The officers turned left onto Suffolk, drew along side the defendant, and told him to stop and approach the car. Sterlace testified that he wanted to detain McCargo to take him back to 501 Berkshire for possible identification by the victim. Both officers then left their car, and Sterlace patted down the defendant. White testified that it was departmental policy to pat down all persons before placing them in the back of a police car to protect the officers' safety.

While patting down McCargo, Sterlace felt a gun in McCargo's waistband. McCargo jumped away from Sterlace, and the gun became lodged in McCargo's sweatshirt and eventually fell to the ground. McCargo was placed under arrest and taken to police headquarters. A total of two minutes and thirty-eight seconds elapsed between the time the officers advised dispatch that they were proceeding to the scene and the time of the arrest. Because the officers responded to the dispatch call at most three minutes after the initial 911 call, less than six minutes elapsed between the time the 911 call was placed and the time of McCargo's arrest.

A federal grand jury indicted McCargo for the possession of a firearm by a convicted felon. See 18 U.S.C. §§ 922(g) (1), 924(a) (2). After McCargo moved to suppress the gun as the product of an unconstitutional search, the motion was referred to a magistrate judge (H. Kenneth Schroeder, Jr., Magistrate Judge), who found that the police had reasonable suspicion to stop McCargo, based on his location near the scene of the crime in a high-crime area very soon after the 911 call. The magistrate judge determined, however, that the pat-down was unconstitutional because the officers had no suspicion that McCargo was armed and recommended that the gun be suppressed. The district court (John T. Elfvin, Judge) adopted the magistrate judge's recommendations. The government appealed pursuant to 18 U.S.C. § 3731, and McCargo filed a cross-appeal.

DISCUSSION

I. The Fourth Amendment Generally and Appellate Review

The Fourth Amendment protects persons against "unreasonable searches and seizures." U.S. Const. amend. IV. Evidence seized pursuant to an unreasonable search or seizure or evidence that is the "fruit" of an unreasonable search or seizure must be suppressed and cannot be used in the prosecution's case in chief. James v. Illinois, 493 U.S. 307, 312, 110 S. Ct. 648, 107 L. Ed. 2d 676 (1990); Wong Sun v. United States, 371 U.S. 471, 484-86, 83 S. Ct. 407, 9 L. Ed. 2d 441 (1963). While searches and seizures conducted without a warrant are presumptively unreasonable, see Coolidge v. New Hampshire, 403 U.S. 443, 454-55, 91 S. Ct. 2022, 29 L. Ed. 2d 564 (1971), several exceptions to the warrant requirement have been fashioned when circumstances demand an immediate police response, see, e.g., Terry v.

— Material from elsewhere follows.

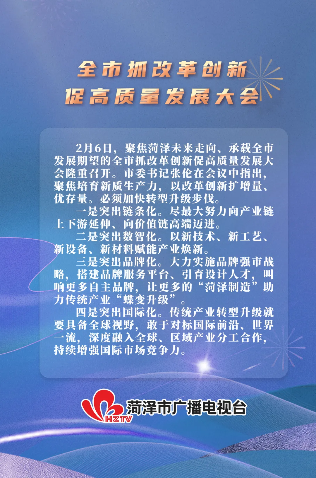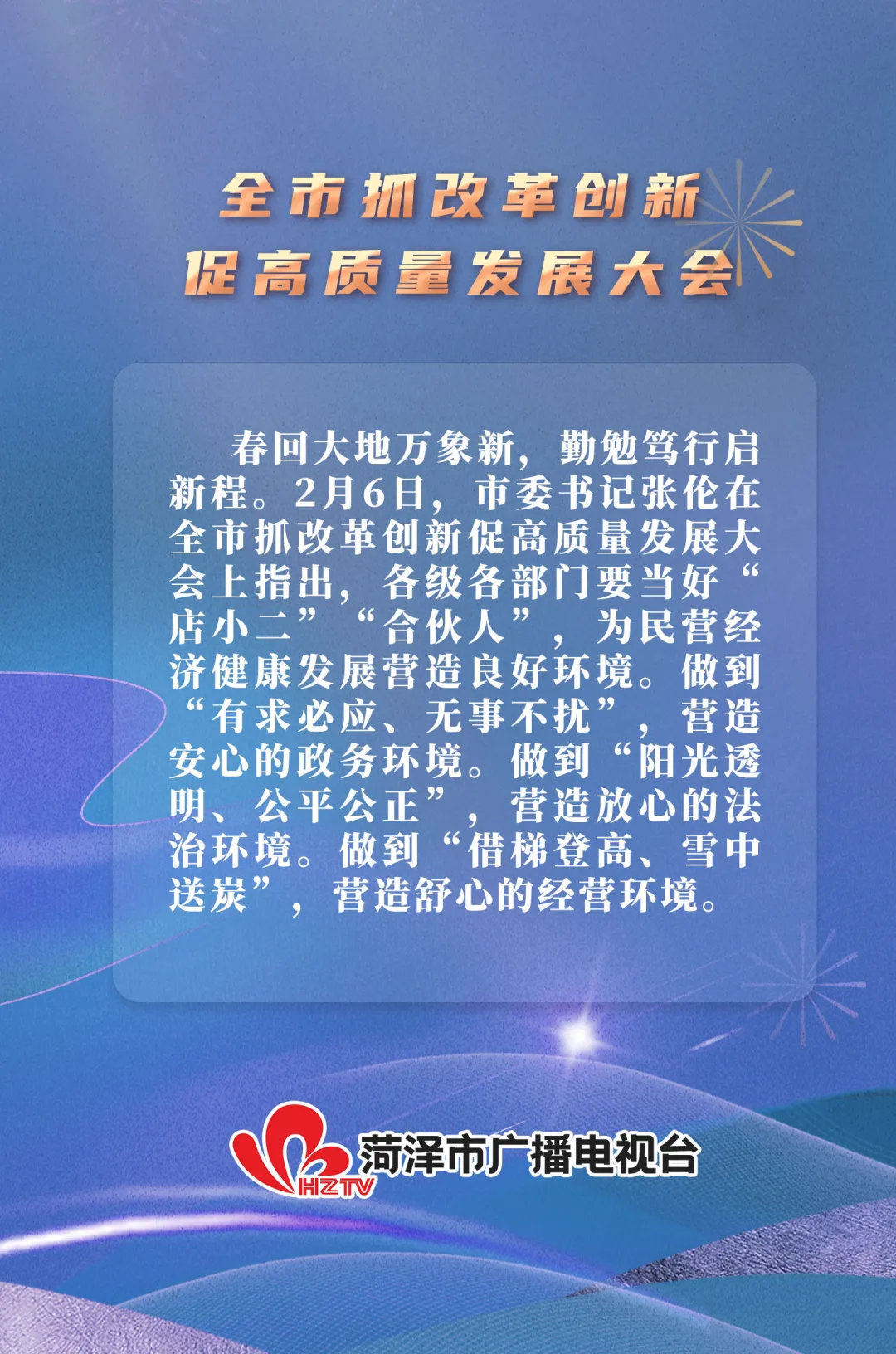 2月6日,全市抓改革創(chuàng)新促高質(zhì)量發(fā)展大會(huì)順利召開(kāi)。市委書(shū)記張倫從強(qiáng)改革創(chuàng)新之志,堅(jiān)定勇闖新路信心決心;謀改革創(chuàng)新之舉,激發(fā)高質(zhì)量發(fā)展動(dòng)力活力;揚(yáng)改革創(chuàng)新之風(fēng),推動(dòng)民營(yíng)經(jīng)濟(jì)做大做強(qiáng);提改革創(chuàng)新之能,爭(zhēng)當(dāng)干事創(chuàng)業(yè)開(kāi)路先鋒四個(gè)方面,對(duì)統(tǒng)籌推進(jìn)各領(lǐng)域各方面改革工作作出具體安排、提出明確要求。

Ohio, 392 U.S. 1, 20, 88 S. Ct. 1868, 20 L. Ed. 2d 889 (1968).

This case requires us to deal with three Fourth Amendment questions: (1) whether the initial stop and brief detention of McCargo by the police was constitutional under Terry; (2) whether the police were entitled, as part of the Terry stop, to transport McCargo to the scene of the crime to see if an identification could be made by the victim; and (3) whether the police were entitled to pat down McCargo before transporting him to the crime scene in a police car. We review de novo each of these legal questions. Ornelas v. United States, 517 U.S. 690, 699, 116 S. Ct. 1657, 134 L. Ed. 2d 911 (1996); accord United States v. Singh, 415 F.3d 288, 293 (2d Cir. 2005); see United States v. Moran Vargas, 376 F.3d 112, 114 (2d Cir. 2004). For the weapon to be admissible against McCargo, each question must be answered in the affirmative.

The district court held that the officers had reasonable suspicion to stop and briefly detain McCargo, short of patting him down, because of his close physical and temporal proximity to the crime scene in a high-crime area. See Brown v. Texas, 443 U.S. 47, 51, 99 S. Ct. 2637, 61 L. Ed. 2d 357 (1979) (police may detain a suspect for further investigation upon reasonable suspicion of criminal wrongdoing). McCargo argues that the officers point to no aspect of McCargo's behavior that itself indicated criminal wrongdoing: he did not act nervous or evasive; he did not match a description of the perpetrator (in fact none existed); and, because he was crossing Berkshire with 501 Berkshire to his right, he was not walking away from the crime scene when the officers approached him.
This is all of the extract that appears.